LGBTQ+ conservationists, though not always visible or recognized, have contributed to the scientific research, policy, and grassroots advocacy that have helped wildlife thrive in a rapidly changing world. 

This Pride Month, we bear witness to the ongoing struggle for racial justice and the long overdue national conversation about race that is occurring in the wake of the harassment and horrific murders of Black and Brown men and women. 

Intersectionality—the interconnected nature of identities—is at the core of the LGBTQ+ community. Although the last decade’s Supreme Court decisions and a seachange of public opinion have signaled a more welcoming environment for segments of the LGBTQ+ community, LGBTQ+ people of color—in particular Black and Latinx trans women and men, such as Tony McDade—face an epidemic of violence and frequent indifference from law enforcement and lawmakers.

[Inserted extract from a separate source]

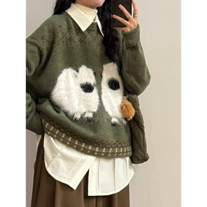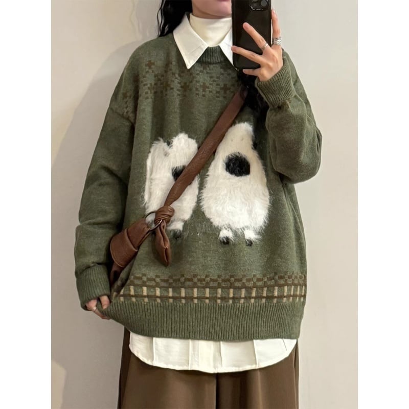 【UATONLINEシリーズ】★セーター★ ニットトップス 羊 ひつじ 動物柄 メンズ 男女兼用 レディース 合わせやすい 緑

As millions stand with friends, family, and colleagues of color in calling for justice and opportunity for all, hear from some LGBTQ+ voices from our National Wildlife Federation family on how their identities connect to their work and passion for conservation. 

Alya Garrison-Ahmed

Office Manager, National Wildlife Federation Rocky Mountain Regional Center

“As a bisexual, brown woman, I’ve always searched for a home—a place to celebrate and grow, while embracing who I am. In the outdoors and at the National Wildlife Federation—surrounded by strong and beautiful people—I feel more connected to the power and beauty of my queer identity.”

David Mizejewski

Naturalist, National Wildlife Federation

When I first started at the National Wildlife Federation twenty years ago, I was not out. Even after I came out to myself and my close personal network, I was cautious about who I told at work. As a cisgender gay man, it was easy to fly under the radar and keep my personal life private. But when I was launched into the public eye in 2005 as host of the Animal Planet TV series “Backyard Habitat,” I was chosen to be included in the Out 100 list, Out magazine’s “greatest and most well-known tradition: a prestigious compilation of the year’s most impactful and influential LGBTQ+ people.” I knew I had a choice to make: accept the honor and be fully visible in both my personal and professional life, or decline and stay partially in the closet out of fear.

Needless to say, I chose to live as my authentic self everywhere and haven’t looked back. I believe that visibility is the first step in understanding and acceptance and can literally save lives. My identity as a gay man and as a conservationist are inseparable parts of who I am, and I’m proud of how the National Wildlife Federation’s commitment to Equity and Justice in all of its forms has grown to what it is today. We still have work to do, but I’m proud to help embody the truth that we’ll be most successful in our conservation work when we bring people together, diversify the people speaking up for wildlife, and support the interdependent needs of both people and wildlife.

Lisa Pohlmann

CEO, Natural Resources Council of Maine

It is a great pleasure to be focused on protecting the nature of Maine at this point in my advocacy career, because that is what drew me to live in Maine 40 years ago. I love camping, hiking, and kayaking all over the state, and I love the fantastic people I get to work with every day to change policies on climate change, clean air and water, and conservation. Our work is of the highest order now – and we need all kinds of people to get involved. I appreciate that as environmentalists, we are trying to do that more and more. Happy Pride!

Zach Evans

Senior Digital Campaigns Coordinator, National Wildlife Federation
As a teen, I spent many weekends camping with the Boy Scouts, volunteering for roadside cleanups, and working my first job maintaining a Land and Water Conservation Fund-supported neighborhood park. Despite my love of the outdoors and nascent understandings of my racial and queer identities, labels like “environmentalist” or “Latino” or “LGBTQ+” would have felt ill-fitting or uneasy. 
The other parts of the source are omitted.